WHAT NEEDS TO BE DONE: Once the line with "Yemək otağı üçün" is reached, output it and every line after it, exactly, through the end of the records below. Pictures are skipped.
** Opening PROVIDED MATERIAL block **
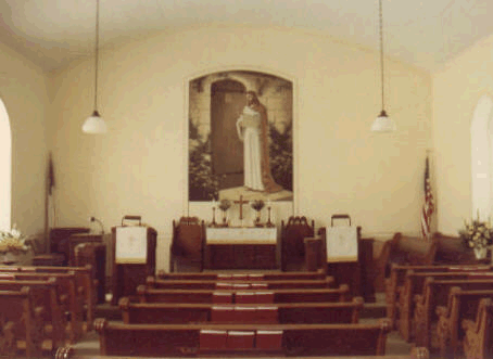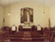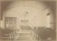 Above the high pulpit behind the upper part of chandelier is a shal deckel, it was a hood type canopy above the minister to help direct his voice to the congregation. A Hymn board can be seen behind the lower part of the chandelier. The offering poles are on both sides of the pulpit. A swivel chair is in front the the pipe organ. Shades can be seen on the windows. One of several lamps, can be seen in front of the right window. Two Hymn boards, an offering pole, and one of the original wall lamps are displayed in the Sunday School house today.
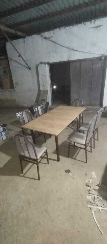 Yemək otağı üçün masa–stul dəstləri 1) Dəst 1: - Masa ölçüsü: 90x170 sm - 6 ədəd stul - Stul oturacaq hündürlüyü: 47 sm - Rəng: krem masa, tünd mavi məxməri tipli stullar - Çatdırılma pulsuz - Qiy...
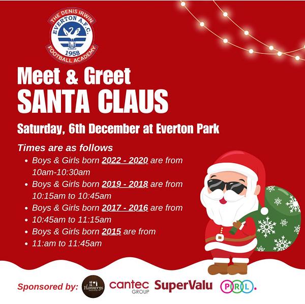 Join us in Everton Park this Saturday morning for what is one of the highlights of the year! Santa Claus visits us to see the boys & girls from our Kickstarters Programme and our Academies, looking forward to seeing you all there 🎅💙🎁
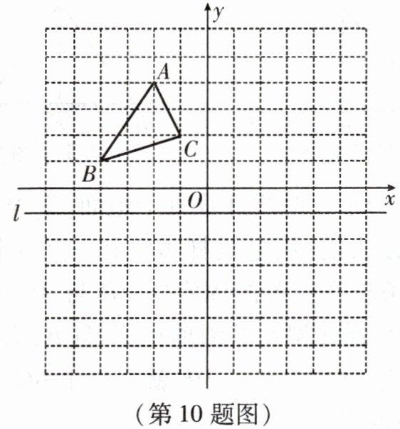 10. 如图,$ \triangle ABC $ 的顶点坐标分别为 $ A(-2,4) $,$ B(-4,1) $,$ C(-1,2) $,直线 $ l $ 与 $ x $ 轴平行且经过点 $ (0,-1) $。
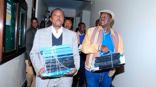 Nasa leaders Raila Odinga (R) and Kalonzo Musyoka together with other leaders carry petition to Supreme Courts on August 19, 2017. Nasa is challenging the reelection of president Uhuru Kenyatta after the general elections.
** Closing PROVIDED MATERIAL block **
RESULT FOR THIS EXERCISE:
 Yemək otağı üçün masa–stul dəstləri 1) Dəst 1: - Masa ölçüsü: 90x170 sm - 6 ədəd stul - Stul oturacaq hündürlüyü: 47 sm - Rəng: krem masa, tünd mavi məxməri tipli stullar - Çatdırılma pulsuz - Qiy...
 Join us in Everton Park this Saturday morning for what is one of the highlights of the year! Santa Claus visits us to see the boys & girls from our Kickstarters Programme and our Academies, looking forward to seeing you all there 🎅💙🎁
 10. 如图,$ \triangle ABC $ 的顶点坐标分别为 $ A(-2,4) $,$ B(-4,1) $,$ C(-1,2) $,直线 $ l $ 与 $ x $ 轴平行且经过点 $ (0,-1) $。
 Nasa leaders Raila Odinga (R) and Kalonzo Musyoka together with other leaders carry petition to Supreme Courts on August 19, 2017. Nasa is challenging the reelection of president Uhuru Kenyatta after the general elections.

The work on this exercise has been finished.